Assignment
Down to the last word, output the records below, skipping any images.

Available records
+++

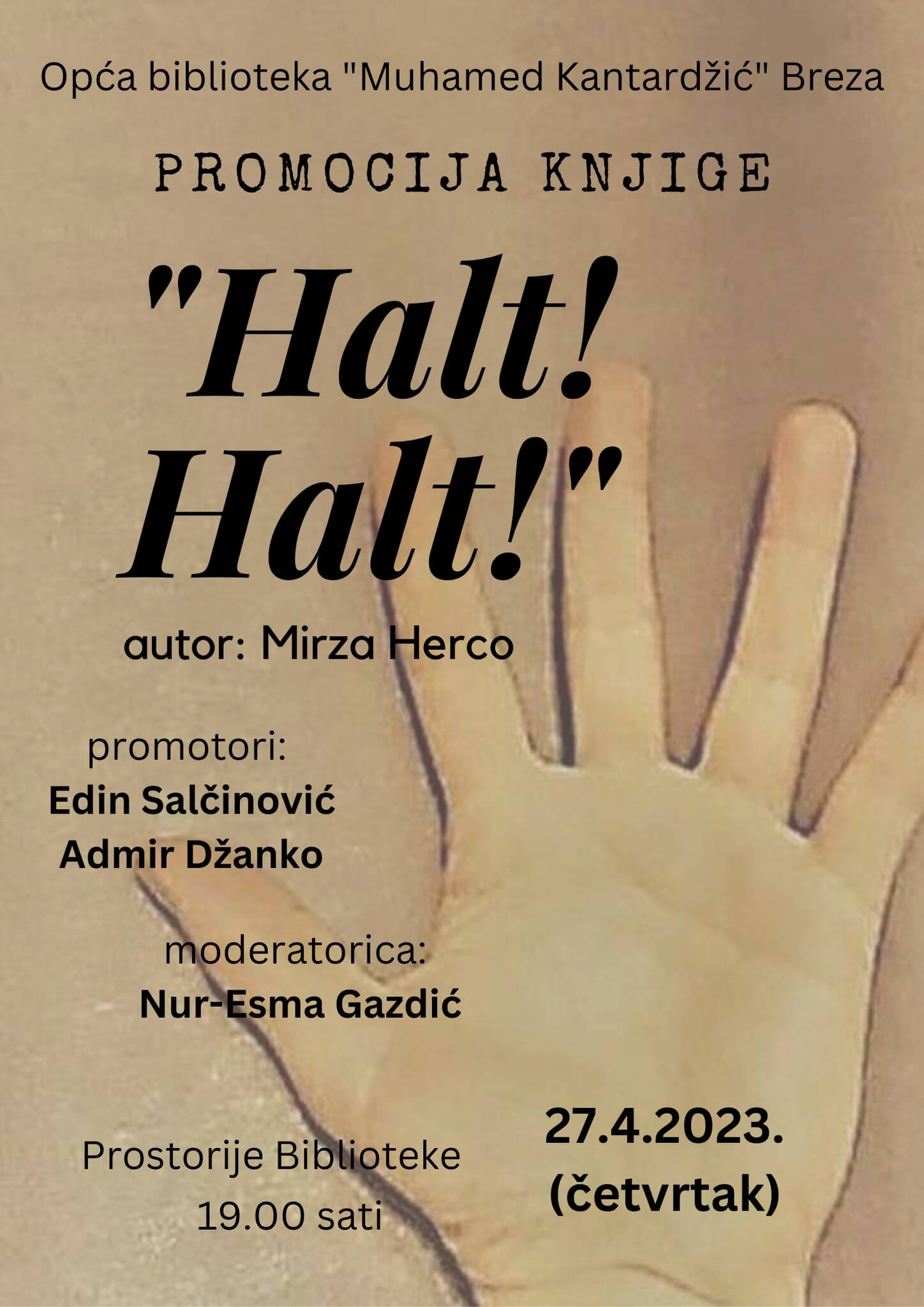 Opća biblioteka “Muhamed Kantardžić” Breza organizuje promociju knjige Halt! Halt! našeg sugrađanina Mirze Herce, te nastavlja obilježavanje Svjetskog dana knjige.
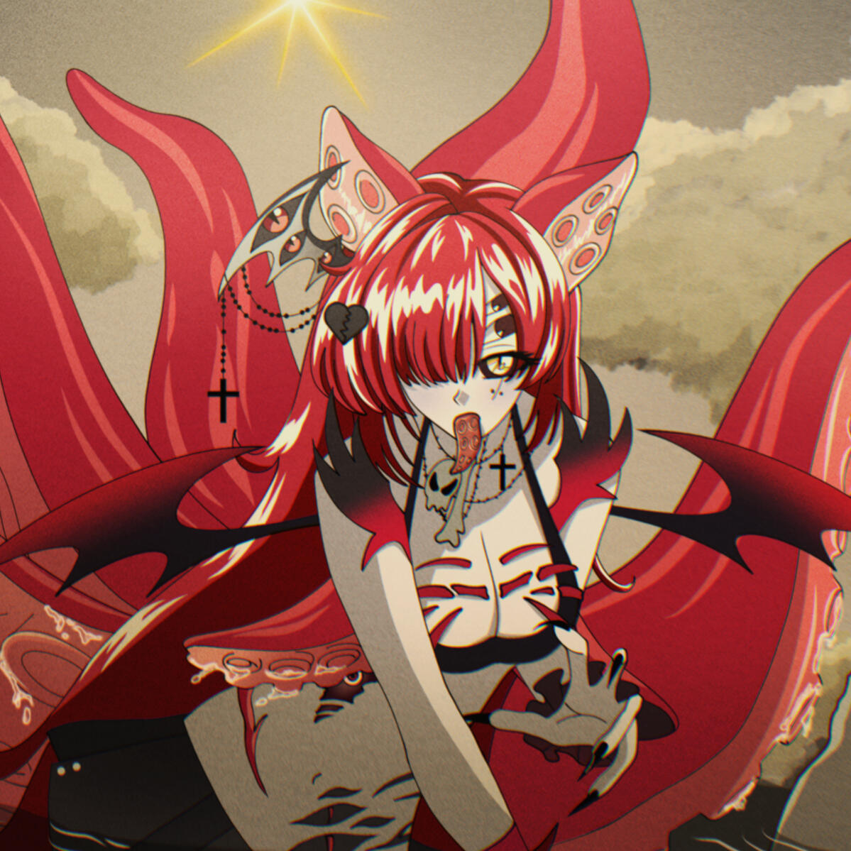 Solar’s first in-house talent, Flaire is a refined (and slightly unhinged) vampire countess with a deep fondness for tea, sheep, and elegance. Don’t let her fangs fool you; she’s got class, charisma, and just a touch of madness. You don't want to be late to one of her tea parties!
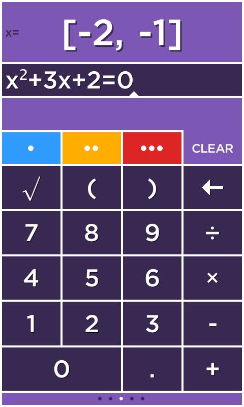 Solveには、それぞれ独自の色を持つ4つの異なる計算機を選択する4つのタブがあります。結果をクリアせずに、数字を掛けて、チップを計算し、平方根を見つけましょう!
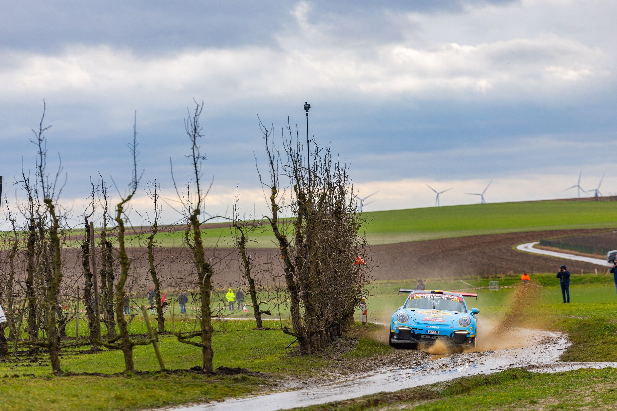 Comme le veut une certaine tradition, la météo a allègrement compliqué la tâche des concurrents du Rally van Haspengouw, première manche du Kroon-Oil Belgian Rally Championship 2025. Elles étaient encore passables lors des deux premières spéciales, ce qui permettait même à Cédric Cherain et Damien Withers de se retrouver au 3e rang du classement général provisoire ! Une sacrée performance pour une Porsche dans ces conditions…
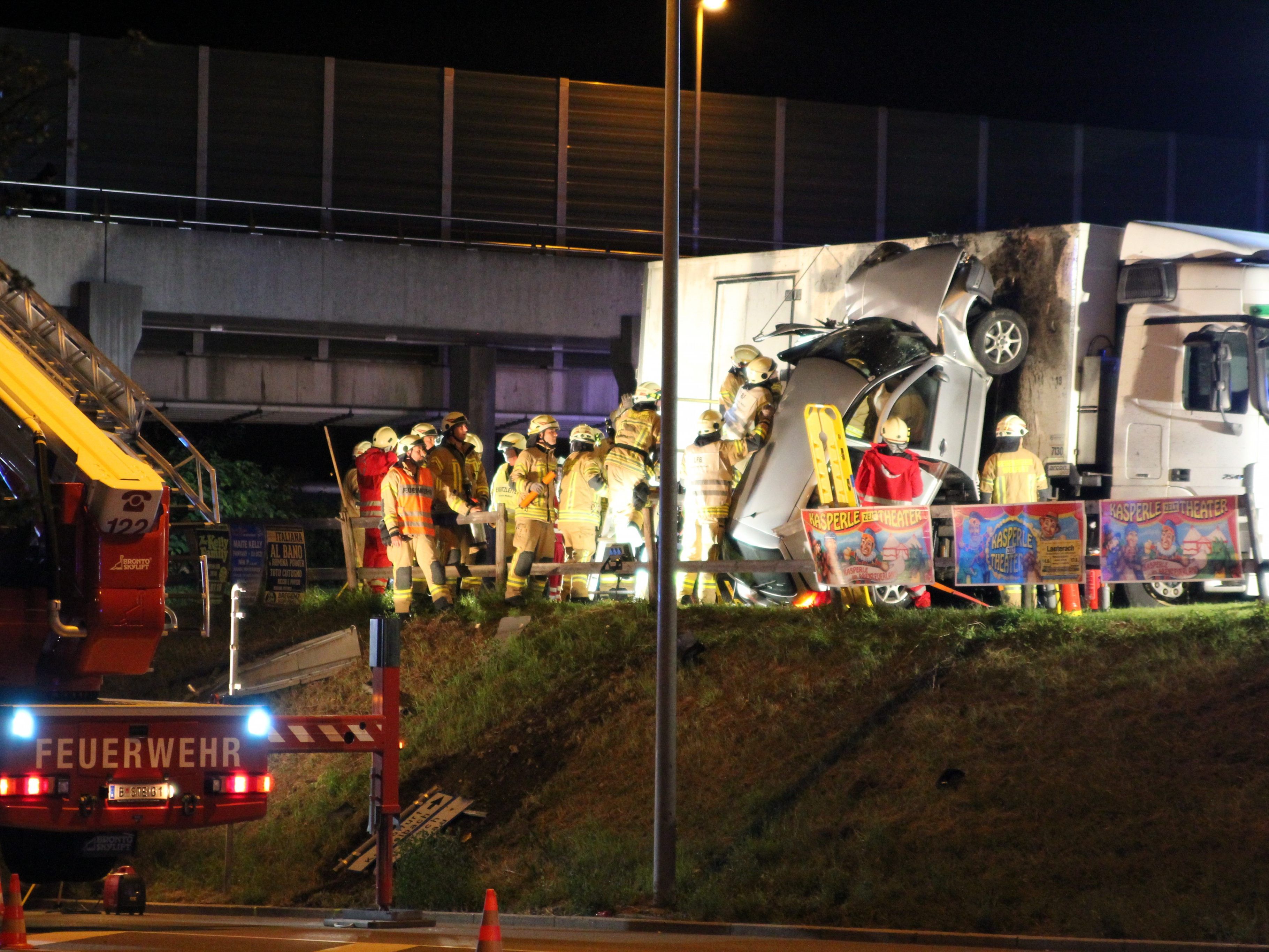 Das Fahrzeug fuhr von der Autobahnabfahrt Wolfurt kommend scheinbar ungebremst über die Achstraße. In weiterer Folge fuhr der Pkw über eine Anhöhe auf krachte beim Parkplatz einer Bäckerei gegen einen stehenden Lkw. Der Pkw kam aufrecht stehend auf der Seite des Lasters zum stehen. Die Lenkerin selbst wurde bei dem Unfall unter dem Amaturenbrett eingeklemmt.
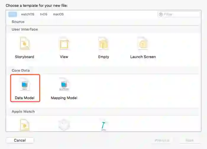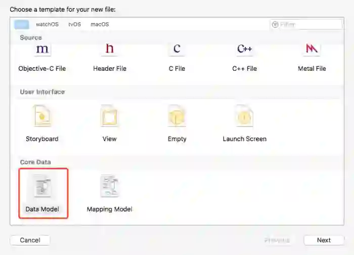 创建项目的时候,勾选下图中的Use Core Data选项,工程中会自动创建一个数据模型文件。当然,你也可以在开发中自己手动创建。
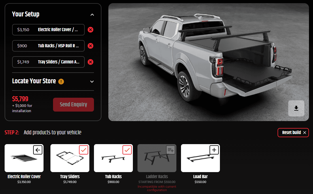 Want to see how your vehicle looks with HSP Accessories? Head to our 3D builder to design your vehicle with HSP products and your factory sports bars. Plus, you can send an enquiry to your local HSP stockist with your complete build set-up!
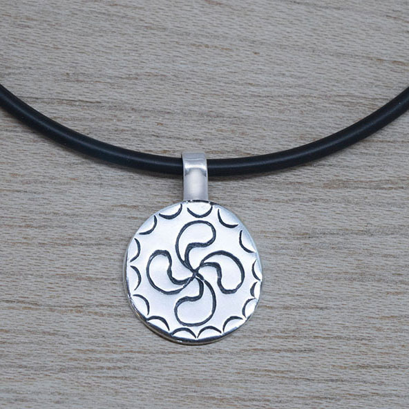 Producto vasco colgante LAUBURU pequeño de plata cordón caucho mitología vasca artesanía TXUS GRUZETA
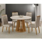 Mesa De Jantar Ambiente Rose Cinamomo Off White Com 4 Cadeiras Lara Veludo Bege - Valdemóveis
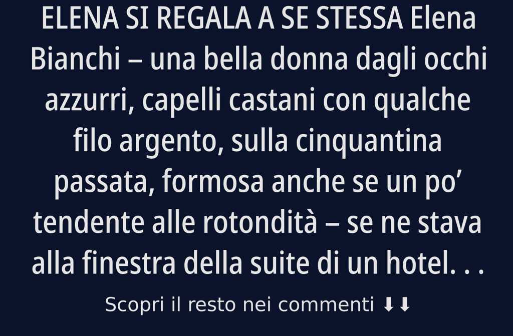 Antonella Bianchi occhi azzurri, capelli castani e un fisico ancora sinuoso benché la bilancia sembri non perdonare più da un po, è ferma davanti alla finestra della suite di un hotel a cinque stelle sul mare. Sta sorseggiando un bicchiere di liquore alle noci e riflette tra sé e sé:
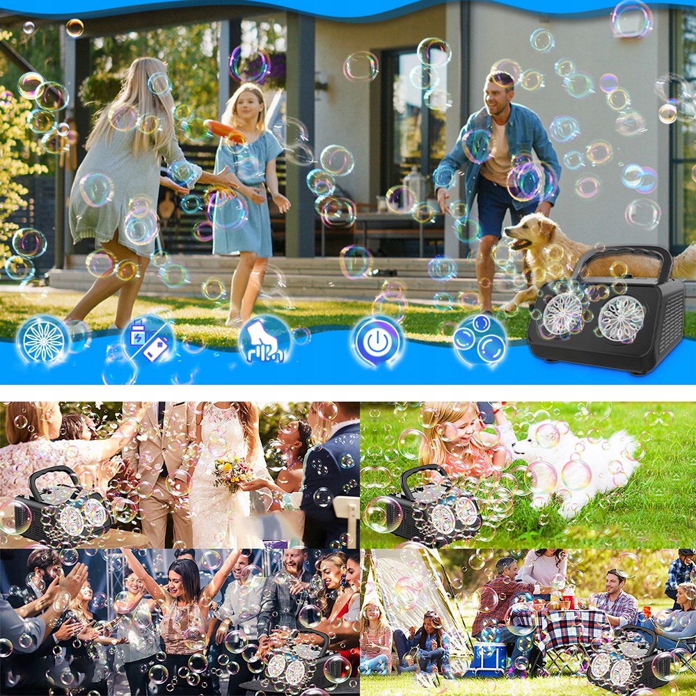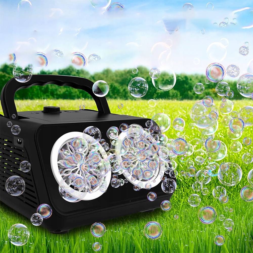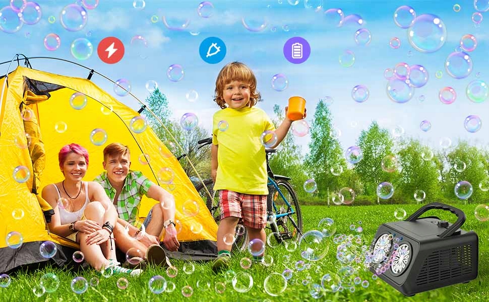 ✔automatic Machine для виробництва бульбашок з високою продуктивністю: Машина бульбашки може виробляти понад 20 000 бульбашок на хвилину завдяки 26 двопортових обертальних форсунках, 2-градусному регулюванні та супер інтегрованому двигуні. Навіть за відсутності вітру ви можете підірвати багато бульбашок, швидше, вище і далі. Цього літа ви можете насолоджуватися барвистим світом мильних бульбашок завдяки машині бульбашок!
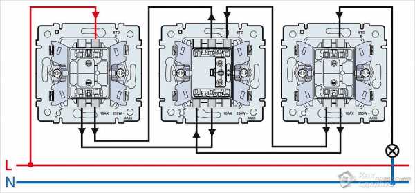 Уберете один «перекрестник», получите схему управления из четырех точек. Добавите еще — будет уже схема на 6 мест управления.
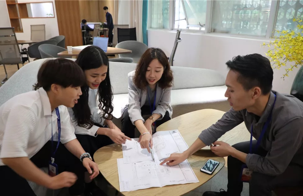 (林工和團隊討論設(shè)計方案)
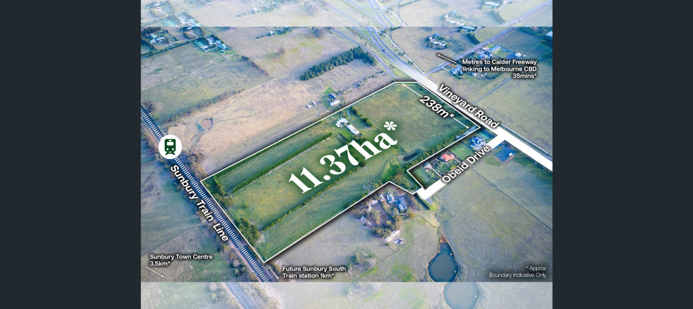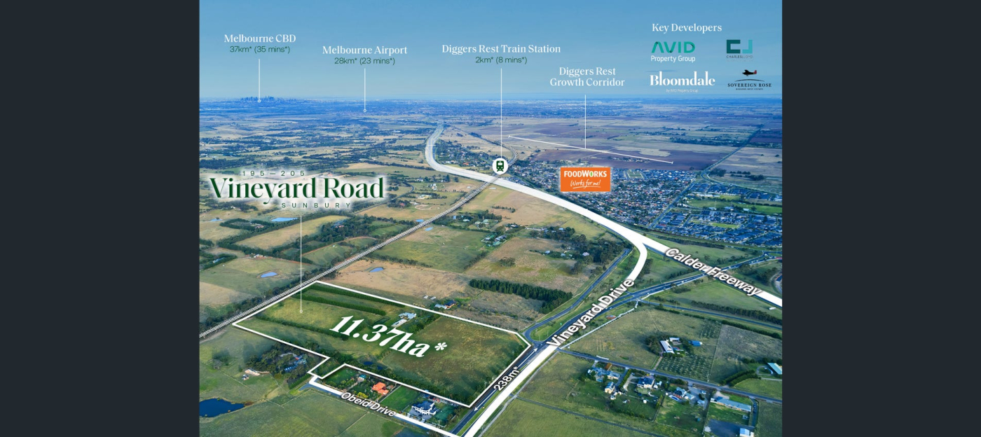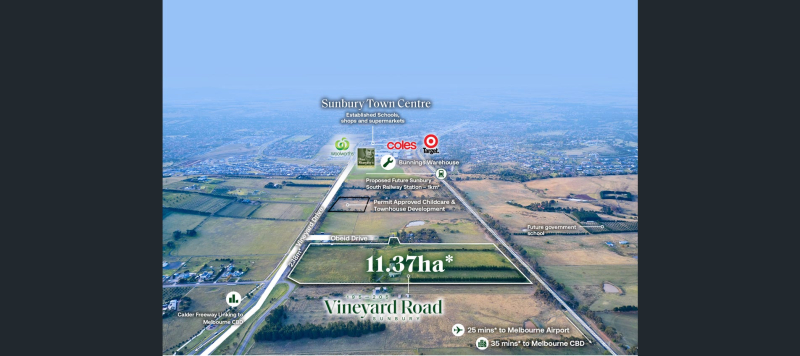Stonebridge Property Group is pleased to present for sale 195-205 Vineyard Road, Sunbury, a premium 11.37 hectare* residential and commercial development opportunity centrally positioned in one of the fastest growing satellite cities in Victoria.
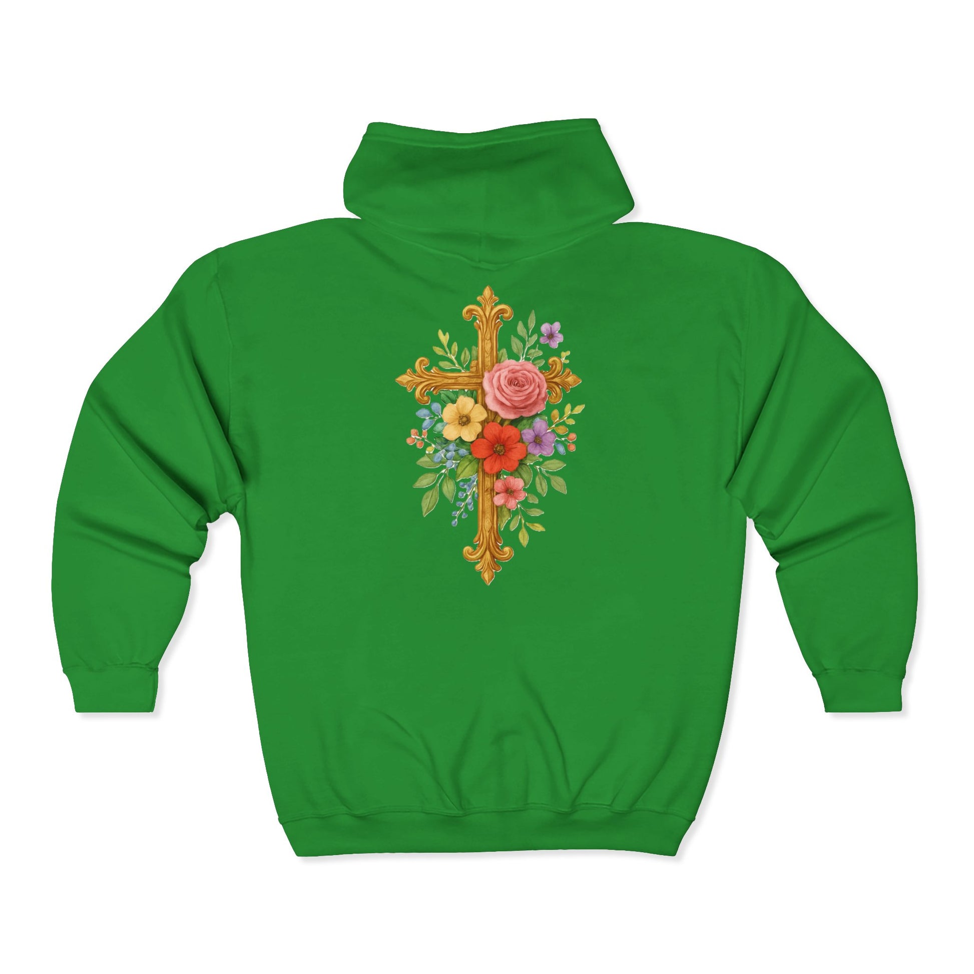 Blooming Faith Women's Zip-Up Hoodie with Floral Cross Design

+++

Task answer
 Opća biblioteka “Muhamed Kantardžić” Breza organizuje promociju knjige Halt! Halt! našeg sugrađanina Mirze Herce, te nastavlja obilježavanje Svjetskog dana knjige.
 Solar’s first in-house talent, Flaire is a refined (and slightly unhinged) vampire countess with a deep fondness for tea, sheep, and elegance. Don’t let her fangs fool you; she’s got class, charisma, and just a touch of madness. You don't want to be late to one of her tea parties!
 Solveには、それぞれ独自の色を持つ4つの異なる計算機を選択する4つのタブがあります。結果をクリアせずに、数字を掛けて、チップを計算し、平方根を見つけましょう!
 Comme le veut une certaine tradition, la météo a allègrement compliqué la tâche des concurrents du Rally van Haspengouw, première manche du Kroon-Oil Belgian Rally Championship 2025. Elles étaient encore passables lors des deux premières spéciales, ce qui permettait même à Cédric Cherain et Damien Withers de se retrouver au 3e rang du classement général provisoire ! Une sacrée performance pour une Porsche dans ces conditions…
 Das Fahrzeug fuhr von der Autobahnabfahrt Wolfurt kommend scheinbar ungebremst über die Achstraße. In weiterer Folge fuhr der Pkw über eine Anhöhe auf krachte beim Parkplatz einer Bäckerei gegen einen stehenden Lkw. Der Pkw kam aufrecht stehend auf der Seite des Lasters zum stehen. Die Lenkerin selbst wurde bei dem Unfall unter dem Amaturenbrett eingeklemmt.
 创建项目的时候,勾选下图中的Use Core Data选项,工程中会自动创建一个数据模型文件。当然,你也可以在开发中自己手动创建。
 Want to see how your vehicle looks with HSP Accessories? Head to our 3D builder to design your vehicle with HSP products and your factory sports bars. Plus, you can send an enquiry to your local HSP stockist with your complete build set-up!
 Producto vasco colgante LAUBURU pequeño de plata cordón caucho mitología vasca artesanía TXUS GRUZETA
 Mesa De Jantar Ambiente Rose Cinamomo Off White Com 4 Cadeiras Lara Veludo Bege - Valdemóveis
 Antonella Bianchi occhi azzurri, capelli castani e un fisico ancora sinuoso benché la bilancia sembri non perdonare più da un po, è ferma davanti alla finestra della suite di un hotel a cinque stelle sul mare. Sta sorseggiando un bicchiere di liquore alle noci e riflette tra sé e sé:
 ✔automatic Machine для виробництва бульбашок з високою продуктивністю: Машина бульбашки може виробляти понад 20 000 бульбашок на хвилину завдяки 26 двопортових обертальних форсунках, 2-градусному регулюванні та супер інтегрованому двигуні. Навіть за відсутності вітру ви можете підірвати багато бульбашок, швидше, вище і далі. Цього літа ви можете насолоджуватися барвистим світом мильних бульбашок завдяки машині бульбашок!
 Уберете один «перекрестник», получите схему управления из четырех точек. Добавите еще — будет уже схема на 6 мест управления.
 (林工和團隊討論設(shè)計方案)
Stonebridge Property Group is pleased to present for sale 195-205 Vineyard Road, Sunbury, a premium 11.37 hectare* residential and commercial development opportunity centrally positioned in one of the fastest growing satellite cities in Victoria.
 Blooming Faith Women's Zip-Up Hoodie with Floral Cross Design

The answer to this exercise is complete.